His eyes crinkled in amused horror, evidently envisioning some of the same strong personalities. “Nightmarish! I agree with you there.”
She waved a didactic finger, growing firmer in her hypothesis and pleased with her own insight. She hadn’t lost her touch, eh? “There is nothing whatsoever wrong with you, Oliver. You just happen to find yourself in a target-poor environment at the moment, is all.”

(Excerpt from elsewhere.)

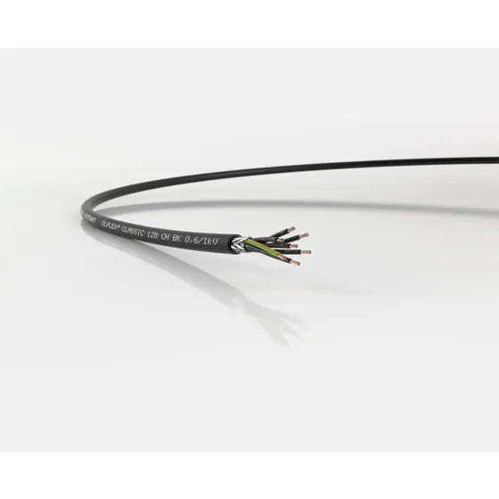 The ÖLFLEX® CLASSIC 128 H BK 0,6/1 KV 4G6 is a flexible, screened control cable with four conductors, each with a 6.0 mm² cross-section. Rated for 0.6/1 kV, it is designed for medium-voltage applications in industrial environments. The cable ensures reliable power and signal transmission, with high protection against electromagnetic interference (EMI) through its shielding. It is highly resistant to mechanical stress, abrasion, and environmental factors, making it ideal for use in machinery, automation systems, and control equipment, ensuring long-lasting, high-performance operation in demanding environments.

“And yet the range is so short.”
“What?”
He set down his cup firmly on the plank tabletop. He then stood up, walked around the table to her side, grasped her chin, turned her face up, and bent to kiss her.
“Blurf…?” said Cordelia, her eyes springing wide. At this distance, he was blurred and double, and anyway, as he deepened the kiss his blue eyes closed. She felt her own lids squeezing shut in response, as her lips parted. He tasted like sun and rain and tea and Oliver. He tasted really good…
When they broke for breath after a minute…or two…or three, he murmured, “Ah, so this is how Aral diverted all those Betan data-spates.”